Even in the middle of summer, getting here can be a small Odyssey. The frequency of the boats connecting the island with the outer world is very poor. Normally, there is a boat leaving Piraeus once a week in summer months. Additionally, there is a small ferry connecting Antikythira with Kythira and Kissamos (Northwestern Crete), three-four times weekly. Due to the strong winds that blow here, it may be impossible for the boats to reach the small port of the island. During winter months, the island may be isolated for three weeks
Greece's most isolated island has managed to keep its secrets off the reach of tourism. Those getting there will be amazed by the fact there are just 30 inhabitants during winter. In contrast to what one might expect, all houses, even the most remote ones, have running water, telephone and electricity. A small rocky island where simple everyday items such as bread and newspapers are luxury items (or perhaps unnecessary). No nightlife, just two multi-purpose shops (grocery, restaurant, post office) one doctor and one policeman. Perhaps the most friendly people you have ever met.

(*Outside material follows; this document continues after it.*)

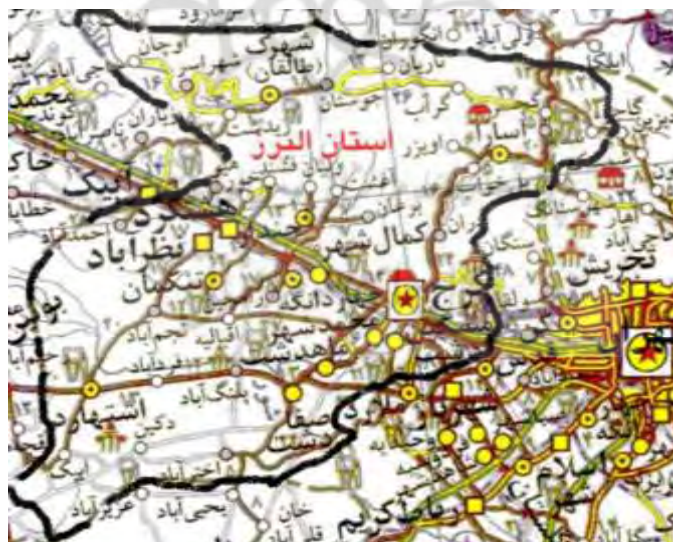
شکل (۱) روستاهای تحت نفوذ و همجوار با شهرک صنعتی سپهر

شیوه نمونه گیری براساس روش تصادفی است، و نمونه ها بطور تصادفی از روستاهای تحت نفوذ و همجوار با شهرک صنعتی سپهر که شامل : نجم آباد، خرم آباد، شاه بداغ ، شیخ حسن، فتح آباد، قبقاق، قزل حصار، قشلاق محمدلو، محمد آباد افخم الدوله، میلک سرکار، وایه بک، گل دره، قوچ حصار، مزرعه عزیز آباد، مزرعه اژدری، ازبکی، زمان آباد، مهدی آباد، ابراهیم جیل، تنکمان، بختیار، حسین آباد، قارپوزآباد، رضا آباد، خانی بیک، باقرآباد فاضل، مغرور آباد، میمون آباد، مسکین آباد، احمد آباد ، همت آباد، کاظم آبا ، دنگیزک، حسن مجدالدوله، قلعه شیخ، حسن بکول، صفر خواجه کله بهرام، گازرسنگ می باشد انتخاب شدند. وضعیت ناحیه مورد مطالعه به ترتیب در شکل شماره ۱ نشان داده شده است.

Fondest memory: A walk along island's main road is a must and probably the only option for trekking. You are going to meet the island's entire population and everyone will be greeting you. You will come accross the ruins of medieval windmills and a small monastery. At Polykastro area, you can see the ruins of an ancient settlement. If you think you can handle it, follow the footpath starting at Saint Myron's Monastery at Galaniana, leading to Cape Apolytares lighthouse at the southernmost tip of the island.